Overall, Coulson J was correct to overturn the adjudicator’s decision on the basis of the inappropriateness of the timing of the application for payment. He is right to be concerned that this could, otherwise, lead to sneaky out of time and irregular applications for payment to defeat the right to a payless notice.
The case, however, raises a broader issue as to the viability of the adjudication system. It allows a cross-application by an employer who has lost a payment dispute before an adjudicator. This is a far bigger problem and issue. As Coulson J noted [see para 13 of Caldeonian] where an adjudicator has awarded a payment, it is usually subject to a summary judgment application in the courts if not adhered to by the losing party. Coulson J said that this was the orthodox position in 99% of cases he had seen (and he is, undisputedly, the judicial expert in this field). It is indeed rare for an adjudication decision to be challenged on the same basis as the arguments brought forward before an adjudicator.
The decision of Bouyges, concerning the viability of an outstanding payment in insolvency, makes this clear. However, as Coulson J (as he then was) states: there is the scope of an exception to this supposed finality in determining a minor point of law or technical construction of a document through a Part 8 claim (a claim where there is no significant dispute of fact).
So where does this narrowing of the field leave the losing party who wishes to circumvent the adjudicator’s decision?
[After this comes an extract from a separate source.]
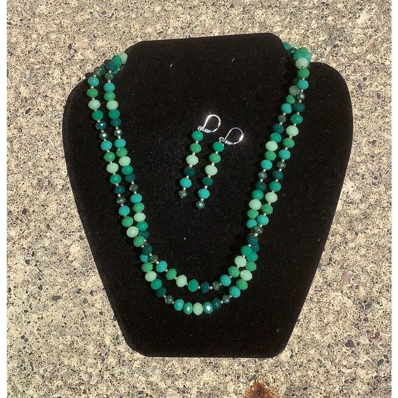 One of a kind, handmade necklace and earring set. The color is all kinds of Green.

Well it is relatively easy to undermine the purpose of the regime by a cross-claim by way of arbitration or litigation due to the lack of legal finality given to an adjudication decision by the 1996 statute. This might increase the amount of cases that form the exception that Coulson J had to deal with.
The mischievous employer could still, (akin to what was tried in Caledonian), make a strategic Part 8 application on a technicality to potentially derail a finding of payment by an adjudicator. This may slow down the payment process than that ordinarily available on summary judgment in the court, for example, so as to cause a contractor severe cash flow difficulties, particularly in relation to the common problem of keeping sub-contractors and suppliers content. Unpaid suppliers and sub-contractors, who may have formed good relationships with the main contractors, might then be less willing to walk the tight rope on payment on other projects. This may undermine the working apparatus of the decent hard working contractor.
This leaves what was one area of finality in the adjudication process potentially exploitable to calculated claims on the construction of interim payment applications and payment notices to delay payment. That was precisely what the designers of the adjudication system did not want.
With many contractors having only a small allocation of sums for legal fees and having not being paid compounding the cash impact of fighting disputes, it may be better to simply move to the arbitration option in the construction contract from the very start of the contracting process. That would be, arguably better, than being in the 1% of cases where the Part 8 process is used to derail the positive decision of the adjudicator that payment is due.